Closed Source Drivers & The Linux Community
Every time I come in contact with a closed source 'proprierity' driver
I find that it offers me more trouble than it is worth. Below are some
opinions on the different fabricants of hardware.
NVidia
Nvidia is the kind of cooperation that pollutes the linux community.
Linux is open source, the Nvidia drivers are not. They are proprierity,
which is silly in general. I buy hardware and when I buy hardware I
want a pretty decent specification on how to use it (e.g: under the
form of source code). If that is not available, then I bought something
useles. The NVidia drivers, and specially the 3D access, are closed
source and incredible difficult to install. I managed to do this for
all past kernels and versions of their closed source driver. However
very recenlty my card was 'suddenly' no longer supported. This means
that I now have the choice of buying a new one (problably the big
masterplan behind their current driver), or fall back to the
less-than-optimal X.org implementation of the NVidia driver. I 'choose'
the last option.
Bottomline: NVIDIA sucks for not providing the interfacing
specification of their hardware.
ATI Radeon cards: Fglrx
The firegl cards are a nightmare as well. Again a closed sourced driver
and a company that tries to get their 'hands' in the market by not
releasing the source of their driver in one way or another. These days
this might seem 'natural' not to provide a specification of hardware.

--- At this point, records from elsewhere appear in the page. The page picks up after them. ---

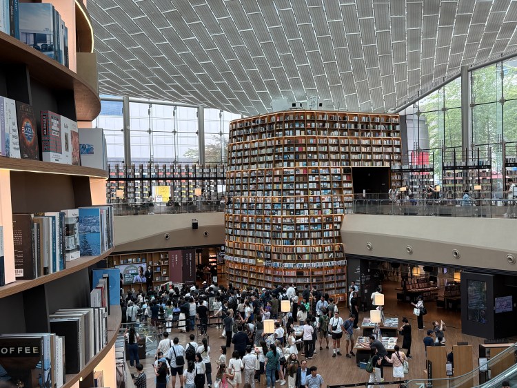 O espaço, imponente e luminoso, abriga estantes de até 13 metros de altura e um acervo de mais de 50 mil livros e revistas, tornando-se um dos pontos mais fotogênicos e inspiradores de Seul.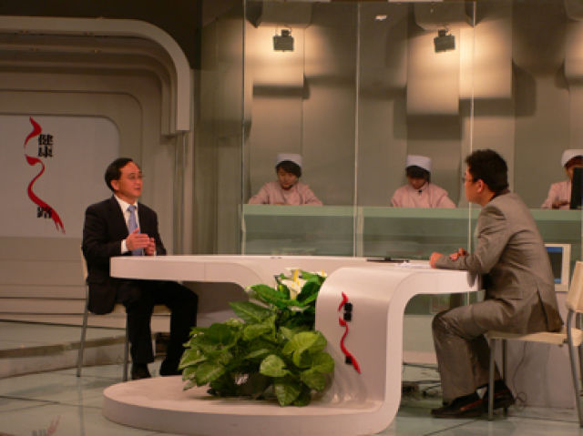 ▲李勇杰教授在《健康之路》栏目做科普宣传。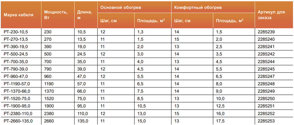 Увеличение мощности достигается путем уменьшения шага раскладки кабеля. Шаг укладки (см) = (100×S)/L, S – обогреваемая площадь, м2; L – длина нагревательного кабеля, м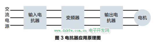 直流電抗器又稱為平波電抗器,直流電抗器串聯在變頻器的直流回路中。它的功能就是削減電流中的諧波成分,保證整流電流的連續,減小電流的脈動值,提高變頻器的功率因數,減少和防止三相整流橋和濾波電容因為沖擊電流造成的損壞,如圖3所示。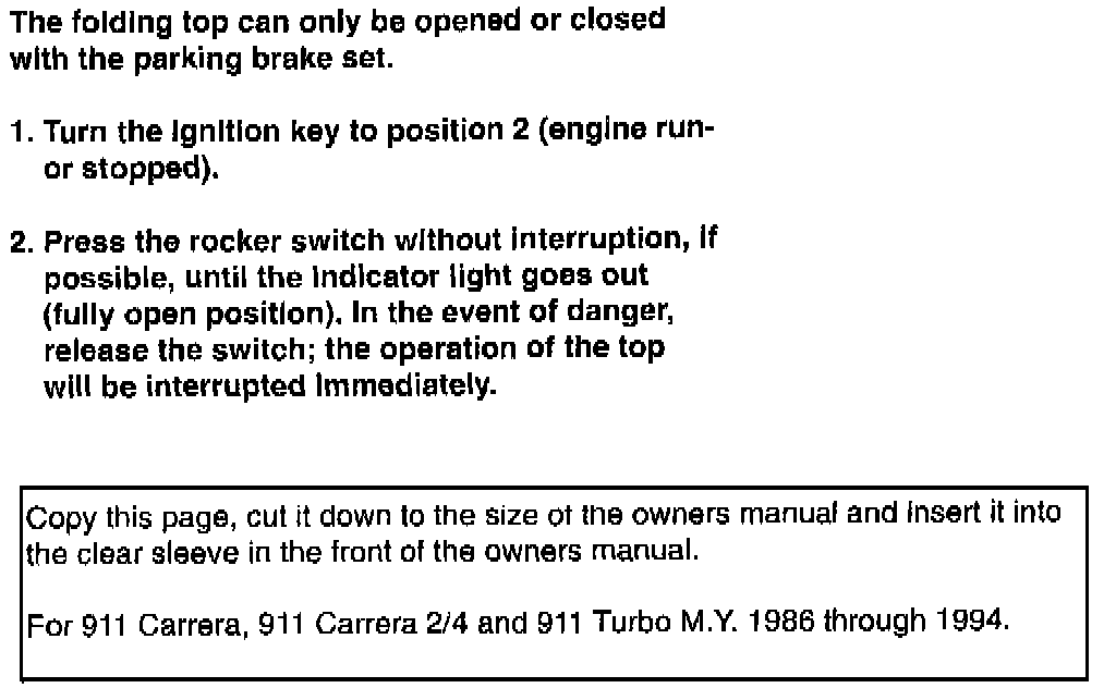 11 - Ensure that the vehicle owner is aware of the change in operating instructions for the Cabrio top.The changed operating instructions for the owner's manual are found in this bulletin. Copy the page, cut it down to the size of the owner's manual, and insert it into the clear sleeve in the front of the owner's manual.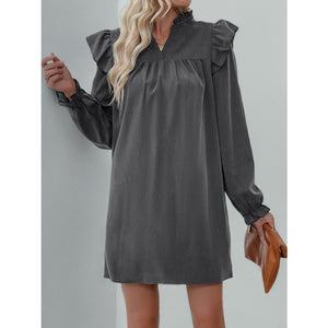Perfee Ruffled Notched Long Sleeve Mini Dress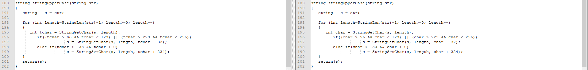 s = StringSetChar(s, length, tchar - 32);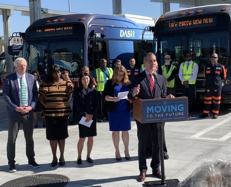 Garcetti hizo el anuncio en el nuevo patio de mantenimiento de buses del Departamento de Transporte de Los Ángeles. La instalación de tres acres cuenta con paneles solares e infraestructura de carga para vehículos eléctricos y puede albergar hasta 70 buses a la vez.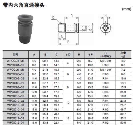 WPOC04-M5,WPOC04-01,WPOC06-M5,WPOC06-01,WPOC06-02,WPOC08-01,WPOC08-02,帶內(nèi)六角直通接頭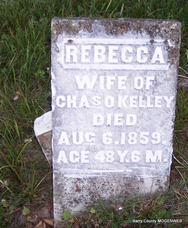 | O'KELLEY, Rebecca | Abt. 1811 | Aug. 6, 1859 | Inscription: "Wife of Charles O'Kelley - Aged 48 Y - 6 M" - Research Note: US and International Marriage Records - Charles O'Kelley, born TN, married Rebecca (no surname given), born GA, no date. - Other researchers say she was Rebecca Fitzgerald, daughter of Samuel Fitzgerald and Nancy Dollar. - 1850 Census, District 5, Barry, Missouri - Charles O'Kelley, age 39, blacksmith, born TN; Rebecca, age 38, born GA; Elizabeth, age 17, born TN; James, age 13, born TN; Francis, age 10, born TN; Charles, age 7, born MO; Sarah, age 5, born MO; Mary, age 1, born TX. | Census Phyllis Long Photo Diana Cope |

But, the reality is that one effectively buys a car without the ability
to steer it. For instance it has taken many generations of the radeon
driver to actually not crash X every once in a while (probably a
concurrency problem). However, it was completely impossible to fix that
issue since no source was available. Similarly: lately the X.org
drivers changed their versioning scheme which broke the binary driver
entirely. Normally one could fix that, now we can't.
It finally happened. One of our machines stopped working with the upgrade to the 8.38 drive. The mobility radeon 9000 is no longer supported. So here we are: great hardware, no drivers. Does this mean their hardware is completely useles ? The answer is: yes.
Bottomline: ATI and their fglrx/radeon driver suck.
Sound Blaster
Sound blaster cards and creative labs in general are a nightmare for
the Linux community. In a sense they are partly supported, in another
sense they are supported because some people have spent a lot of time
in figuring out how the cards work. However, what I can now do with my
'Create Labs live mega DSP piece of hardware' is that I can access the
DA and AD cirtuits. That's about it. There are simply no proper
specifications available on how to access the hardware.
Bottomline: creative labs suck for their useles linux suport
Intel IPW2200 drivers
At the moment I have a intel IPW2200 wireless network card. That driver
is closed source as well, and I'm pretty sure that in the near future
the drivers will become obsolete as well.